Returns the parameters of the agenerate method.

Returns:

Type	Description
`list[Parameter]`	A list containing the parameters of the `agenerate` method.

`generate_parsed_docstring` `cached` `property` ¶

Returns the parsed docstring of the agenerate method.

Returns:

Type	Description
`Docstring`	The parsed docstring of the `agenerate` method.

`agenerate(input, num_generations=1, **kwargs)` `abstractmethod` `async` ¶

Generates images from the provided input.

Parameters:

Name	Type	Description	Default
`input`	`str`	the input text to generate the image from.	required
`num_generations`	`int`	the number of images to generate.

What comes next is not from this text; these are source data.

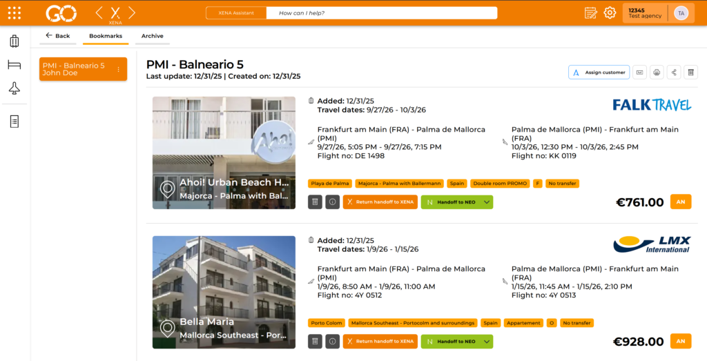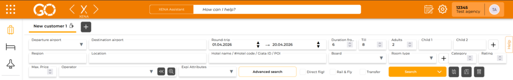 With the “Find Flights” feature in XENA, you can search for suitable flight connections for your clients directly within the offer view – saving you time and presenting the best options at a glance.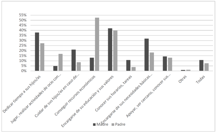 Se seleccionaron todos los casos y las variables del fichero del estudio. Habrá que tener en cuenta que los datos que se muestran están ponderados. Para una primera aproximación a la variable dependiente de esta investigación, se han utilizado las preguntas que recogen información sobre las actividades que la persona entrevistada cree que la sociedad vincula hoy en día principalmente a la imagen del padre y de la madre tanto en primer como segundo lugar (preguntas 15_1, 15_2, 16_1 y 16_2). Las categorías de respuesta incluidas en el cuestionario eran ocho, además de “Otras” y “Todas”: (1) Dedicar tiempo a sus hijos/as; (2) Jugar, realizar actividades de ocio con sus hijos/as; (3) Cuidar de sus hijos/as en caso de enfermedad; (4) Conseguir recursos económicos; (5) Encargarse de su educación y sus valores; /6) Conocer sus horarios, tareas; (7) Encargarse de sus necesidades básicas (higiene, comida, etc.); (8) Apoyar, ser cercano, conocer sus inquietudes, amigos. Estas dos preguntas han sido recodificadas en dos indicadores que suman todas las alternativas de respuesta originales del cuestionario que han sido nombradas tanto en primer como segundo lugar para el padre, como también para la madre (sin las alternativas no sabe o no contesta). Sirva como ejemplo para entender la creación de los indicadores el siguiente: si 15 % de las personas entrevistadas señalan como primera opción que la actividad vinculada socialmente con la figura del padre es dedicar tiempo a sus hijos/as y otras que no lo hicieron en la primera opción pero lo hacen como segunda opción son 10 %; el indicador daría como resultado que 25 % de la ciudadanía señala la dedicación al tiempo a los menores como actividad socialmente vinculada a la imagen del padre.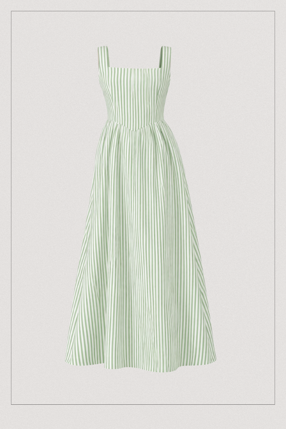 I might be a little biased, but this one is my favorite out of the three. If you love a clean, tailored silhouette, this green striped midi is such a chic option.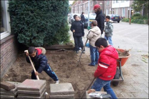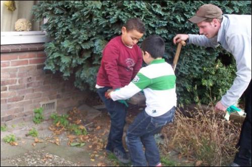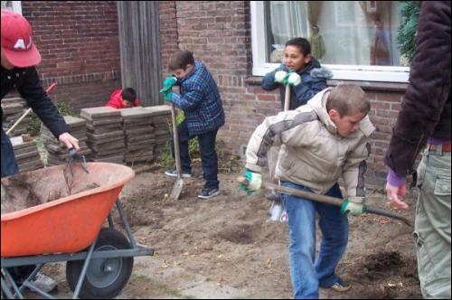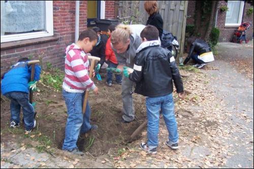 Zowel de aanleg als ook het onderhoud zal een jaar lang door de kinderen verzorgd worden. Op donderdag 7 oktober is er bij Bekkers Hoveniers eerst een workshop gegeven voor de kinderen die de voortuintjes gaan aanleggen. Op 12 oktober zijn de kinderen enthousiast begonnen aan hun natuurproject. Zie hieronder wat foto's van de start.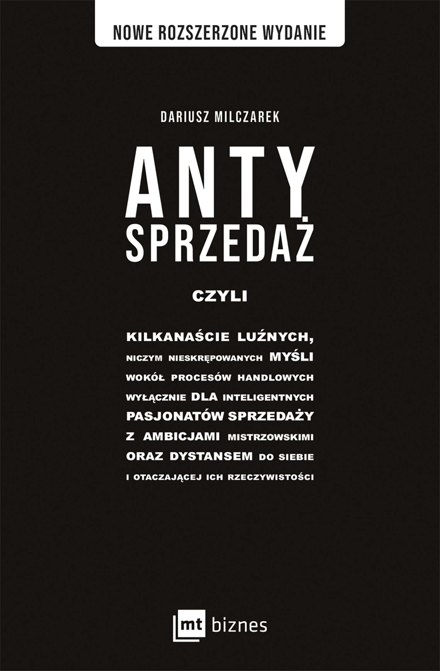 PRZYPOMNIJ SOBIE WSZYSTKO, CO WIESZ O SPRZEDAŻY A TERAZ… ZAPOMNIJ O TYM Czy zastanawiałeś/-aś się kiedykolwiek nad tym, dlaczego sprzedaż bywa tak bardzo trudna, mozolna i nierzadko frustrująca? Jeśli do dziś nie znalazłeś/-aś satysfakcjonującej cię odpowiedzi, to prawdopodobnie ta publikacja jest napisana właśnie dla ciebie. Ta książka, drogi czytelniku, jest w takim samym stopniu herezją, co inspiracją. Użytecznym poradnikiem i jednocześnie cyniczną rozprawką filozoficzną. O sprzedaży, życiu, lękach, kłamstwach i odwadze. Wciągnie cię praktycznie od samego początku… potem cię przeżuje… i ostatecznie odmieni. ZARYZYKUJESZ? CZY ODPUSZCZASZ? Dariusz Milczarek - człowiek wielu profesji i pasji – sprzedawca, konsultant, nauczyciel, menedżer, przedsiębiorca, aktor i mówca motywacyjny. Jeden z pionierów i współtwórców polskiego rynku doradztwa i edukacji biznesowej. Od siedemnastu lat propagator i entuzjasta Systemu Sprzedaży Sandlera. Nietuzinkowa osobowość, niekwestionowany autorytet i mentor dla wielu handlowców oraz menedżerów.

Defaults to `1`.	`1`

Returns:

Type	Description
`list[dict[str, Any]]`	A list with a dictionary with the list of images generated.

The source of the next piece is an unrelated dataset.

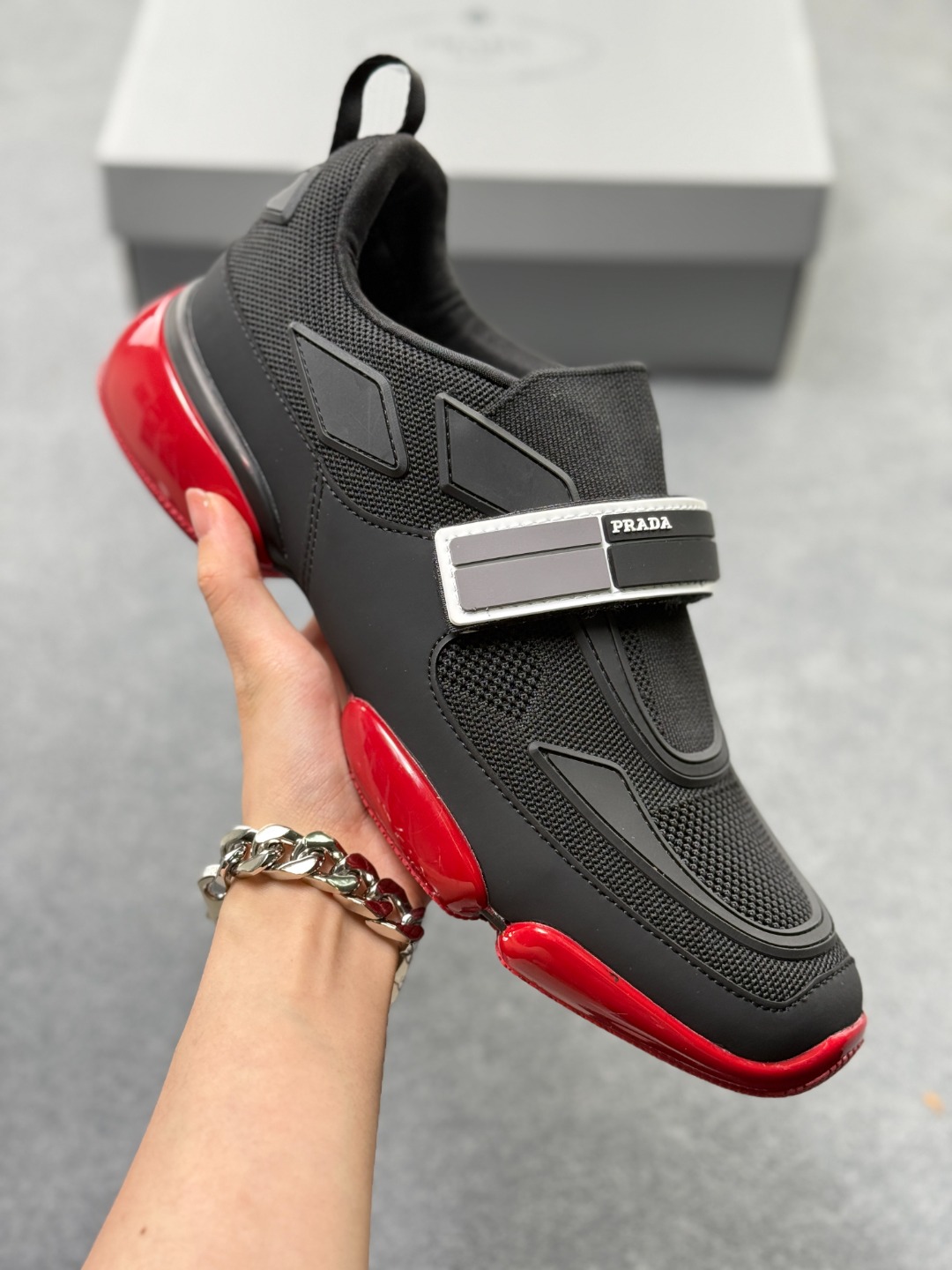 公司级PRADA普拉达 织物橡胶 厚底套脚 透气低帮生活休闲

Source code in src/distilabel/models/image_generation/base.py

@abstractmethod
async def agenerate(
    self, input: str, num_generations: int = 1, **kwargs: Any
) -> list[dict[str, Any]]:
    """Generates images from the provided input.

    Args:
        input: the input text to generate the image from.
        num_generations: the number of images to generate. Defaults to `1`.

    Returns:
        A list with a dictionary with the list of images generated.
    """
    pass

`_agenerate(inputs, num_generations=1, **kwargs)` `async` ¶

Internal function to concurrently generate images for a list of inputs.

Parameters:

Name	Type	Description	Default
`inputs`	`list[str]`	the list of inputs to generate images for.	required
`num_generations`	`int`	the number of generations to generate per input.	`1`
`**kwargs`	`Any`	the additional kwargs to be used for the generation.	`{}`

Returns:

Type	Description
`list[list[dict[str, Any]]]`	A list containing the generations for each input.

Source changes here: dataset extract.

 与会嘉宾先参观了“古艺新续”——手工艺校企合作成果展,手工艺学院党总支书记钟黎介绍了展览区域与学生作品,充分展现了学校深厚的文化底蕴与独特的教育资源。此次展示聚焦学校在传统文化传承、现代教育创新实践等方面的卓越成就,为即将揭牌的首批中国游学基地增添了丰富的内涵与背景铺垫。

Source code in src/distilabel/models/image_generation/base.py

async def _agenerate(
    self, inputs: list[str], num_generations: int = 1, **kwargs: Any
) -> list[list[dict[str, Any]]]:
    """Internal function to concurrently generate images for a list of inputs.

    Args:
        inputs: the list of inputs to generate images for.
        num_generations: the number of generations to generate per input.
        **kwargs: the additional kwargs to be used for the generation.

    Returns:
        A list containing the generations for each input.
    """
    if self._num_generations_param_supported:
        tasks = [
            asyncio.create_task(
                self.agenerate(
                    input=input, num_generations=num_generations, **kwargs
                )
            )
            for input in inputs
        ]
        return await asyncio.gather(*tasks)

    tasks = [
        asyncio.create_task(self.agenerate(input=input, **kwargs))
        for input in inputs
        for _ in range(num_generations)
    ]
    outputs = [outputs[0] for outputs in await asyncio.gather(*tasks)]
    return [
        list(group)
        for group in grouper(outputs, n=num_generations, incomplete="ignore")
    ]

`generate(inputs, num_generations=1, **kwargs)` ¶

Method to generate a list of images asynchronously, returning the output synchronously awaiting for the image of each input sent to agenerate.

Parameters:

Name	Type	Description	Default
`inputs`	`list[str]`	the list of inputs to generate images for.	required
`num_generations`	`int`	the number of generations to generate per input.	`1`
`**kwargs`	`Any`	the additional kwargs to be used for the generation.	`{}`

Returns:

Type	Description
`list[list[dict[str, Any]]]`	A list containing the images for each input.

Source code in src/distilabel/models/image_generation/base.py

def generate(
    self,
    inputs: list[str],
    num_generations: int = 1,
    **kwargs: Any,
) -> list[list[dict[str, Any]]]:
    """Method to generate a list of images asynchronously, returning the output
    synchronously awaiting for the image of each input sent to `agenerate`.

    Args:
        inputs: the list of inputs to generate images for.
        num_generations: the number of generations to generate per input.
        **kwargs: the additional kwargs to be used for the generation.

    Returns:
        A list containing the images for each input.
    """
    return self.event_loop.run_until_complete(
        self._agenerate(inputs=inputs, num_generations=num_generations, **kwargs)
    )

`del()` ¶

Closes the event loop when the object is deleted.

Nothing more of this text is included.